Résultat : les sinistres de couverture se déclarent tard et coûtent cher. C'est l'une des activités où la sinistralité décennale est la plus marquée du bâtiment, et ça se voit sur les primes.
L'autre conséquence est moins évidente mais elle vous concerne directement. Comme les désordres remontent souvent en septième ou huitième année, un couvreur qui a changé d'assureur entre-temps sans clause de reprise du passé se retrouve à découvert sur des chantiers qu'il croyait couverts. On y revient plus bas, c'est le point le plus important de cette page après celui de l'étanchéité.
L'obligation légale, et la mention que beaucoup oublient
L'article L241-1 du Code des assurances impose la garantie décennale à tout professionnel qui intervient sur un ouvrage. Le couvreur en fait partie sans discussion : la toiture conditionne à la fois la solidité et l'étanchéité du bâtiment.
Le contrat doit être valide à la date d'ouverture du chantier, pas au moment de facturer.
Il y a une seconde obligation, souvent ignorée, et qui coûte des chantiers : vos devis et factures doivent mentionner votre assurance décennale, avec les coordonnées de l'assureur et la couverture géographique du contrat. Un maître d'ouvrage averti qui ne trouve pas cette mention peut refuser de payer, et de plus en plus d'entreprises générales rejettent les devis sans ces éléments avant même de les lire.
La sanction de l'article L243-3 reste de 75 000 € d'amende et six mois d'emprisonnement. Dans la pratique, ce que vous risquez surtout, c'est de ne plus décrocher de chantier.
Ce que couvre l'activité « couverture » dans votre contrat
Les assureurs raisonnent par nomenclature d'activités. Voici ce que recouvre habituellement la ligne couverture, et ce qui en sort.
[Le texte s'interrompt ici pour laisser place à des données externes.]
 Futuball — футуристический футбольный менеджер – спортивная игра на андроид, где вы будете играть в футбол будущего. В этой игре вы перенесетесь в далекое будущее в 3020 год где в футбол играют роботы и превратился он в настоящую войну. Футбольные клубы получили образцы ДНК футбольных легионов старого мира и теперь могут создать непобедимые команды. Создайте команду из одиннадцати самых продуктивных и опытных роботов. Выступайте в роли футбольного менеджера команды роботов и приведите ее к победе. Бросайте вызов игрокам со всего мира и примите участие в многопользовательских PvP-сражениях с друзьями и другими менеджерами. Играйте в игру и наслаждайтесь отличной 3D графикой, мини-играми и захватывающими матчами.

| Travaux généralement inclus | Précision |
| Pose et rénovation de toitures en petits éléments | Tuiles terre cuite, tuiles béton, ardoises |
| Couverture en panneaux et bacs acier | Selon contrat |
| Travaux de zinguerie | Zinc, cuivre, aluminium |
| Gouttières, chéneaux, descentes | Y compris raccords |
| Écrans de sous-toiture | Pose et remplacement |
| Fenêtres de toit, châssis, exutoires de fumée | Pose sur couverture existante ou neuve |
| Réfection et ravalement de souches de cheminée | Fréquemment inclus |
| Voliges, liteaux, supports de couverture | Si liés à la couverture posée |
Ce tableau vaut pour un contrat standard. Le vôtre peut être plus étroit. Sortez vos conditions particulières et vérifiez ligne par ligne, en particulier les fenêtres de toit et les souches de cheminées, qui manquent plus souvent qu'on ne le croit.
Faire vérifier mon contrat par un courtier spécialisé →
Le piège n°1 : la couverture n'est pas l'étanchéité
C'est la confusion la plus coûteuse du métier, et elle mérite qu'on s'y arrête.
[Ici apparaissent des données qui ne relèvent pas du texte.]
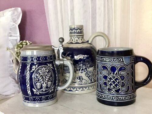 Krug Kanne Flasche Keramik Westerwälder Gerz Gerzit blau grau
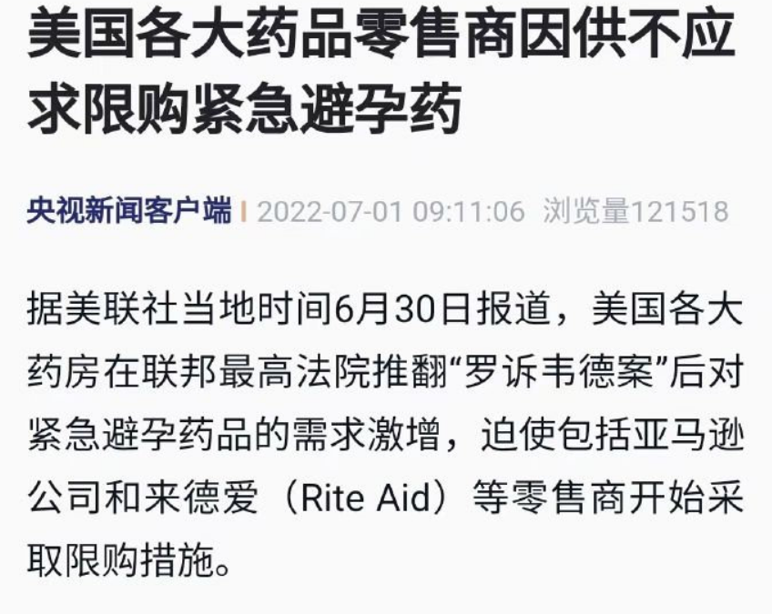 每日经济新闻:“堕胎禁令”后,美国紧急避孕药需求激增,有药店限购3片
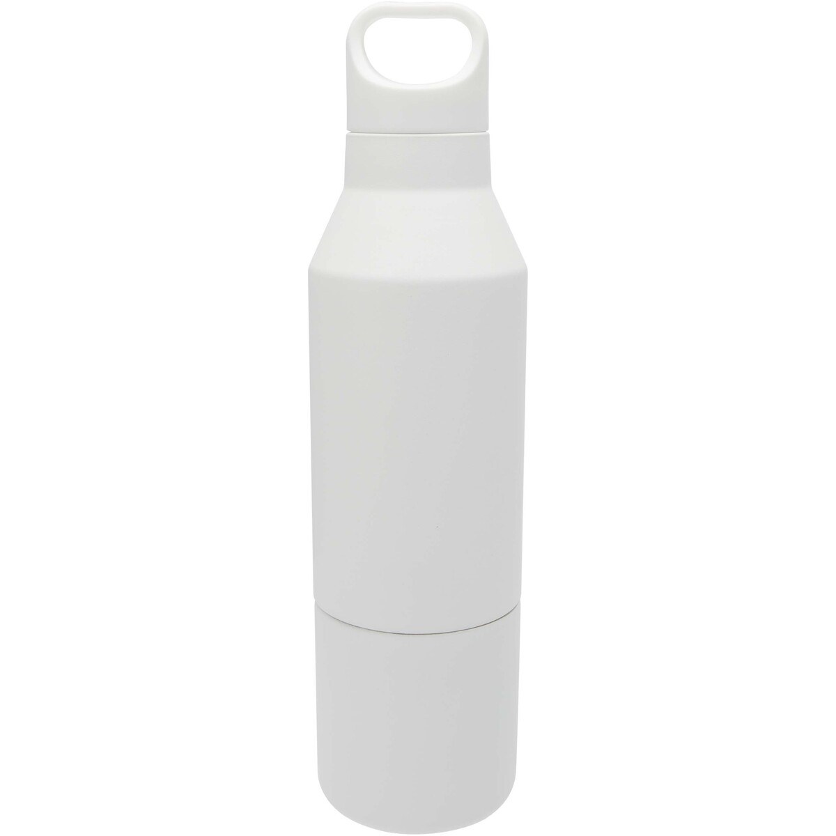 RCS certified stainless steel double wall copper insulated bottle with a removable cup. This multi-use bottle is designed to fit in the side pocket of a backpack, and has a convenient carrying handle that is integrated with the cap. Durable power coating on the outside. Keeps drinks hot for 12 hours or cold for 24 hours. Presented in a recycled cardboard gift box. Volume capacity bottle: 600 ml. Volume capacity cup: 300 ml.

Poser des tuiles, c'est de la couverture : l'eau est évacuée par gravité et par recouvrement. Traiter une toiture-terrasse, c'est de l'étanchéité : l'eau stagne sur une surface plane et c'est une membrane qui l'arrête. Deux physiques différentes, deux sinistralités différentes, deux lignes de contrat différentes.
Les assureurs le traduisent dans leurs tarifs sans nuance. Là où un couvreur se situe autour de 2 000 € par an, un étancheur monte à 5 000 €, parfois bien au-delà. Ce n'est pas arbitraire : un défaut d'étanchéité sur une terrasse accessible inonde le logement du dessous, et la réparation impose souvent de tout déposer.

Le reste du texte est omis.